A TIMBER company has been fined after an employee severed three fingers in an unguarded roller conveyor supplied by a York-based firm.
Shaun Newcomb, 30, needed extensive treatment and could not work for nine months after the incident at Sewstern Timber Services near Melton Mowbray, in March 2012.
Lincoln Crown Court heard an investigation by the Health and Safety Executive (HSE) found that the conveyor had been supplied to Sewstern Timber Services by York-based Armistead Engineering Ltd a few months before the incident, and was inadequately guarded.
The company failed to carry out a risk assessment for the machine so failed to identify the potential for harm.
Sewstern Timber Services Ltd, based at Skyliner Way, Bury St Edmunds, pleaded guilty to breaching the Health and Safety at Work Act and failing to protect its employees. The company was fined £18,000 and ordered to pay costs of £10,000.
Armistead Engineering pleaded guilty to a HSE breach for not providing adequate guards on the conveyor at a hearing in September and was fined £6,667 and ordered to pay £5,715 in costs.

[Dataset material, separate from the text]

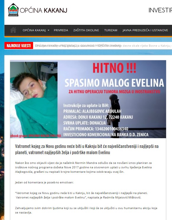 Shvatajući činjenicu da su hitno potrebna novčana sredstva za operaciju našeg sugrađanina sedmogodišnjeg dječaka Evelina Alajbegovića, uvažavajući stavove građana s kojima se konsultirao putem Facebook profila Općine Kakanj, načelnik Nermin Mandra je odlučio da se novčani iznos planiran za troškove noćnog programa dočeka Nove 2017. godine na otvorenom uplati u svrhu liječenja Evelina Alajbegovića te da se u okviru dočeka Nove godine organizira samo dnevni program namijenjen djeci.

Speaking after the hearing, HSE inspector Berian Price said: “This incident could easily have been prevented had adequate guarding been in place. Sewstern Timber Services Ltd should have picked up this mistake on their risk assessment and tackled the problem to ensure workers did not have access to the dangerous moving parts of the conveyor.
“Sadly, because they didn’t do this Mr Newcomb suffered painful, life-changing injuries.”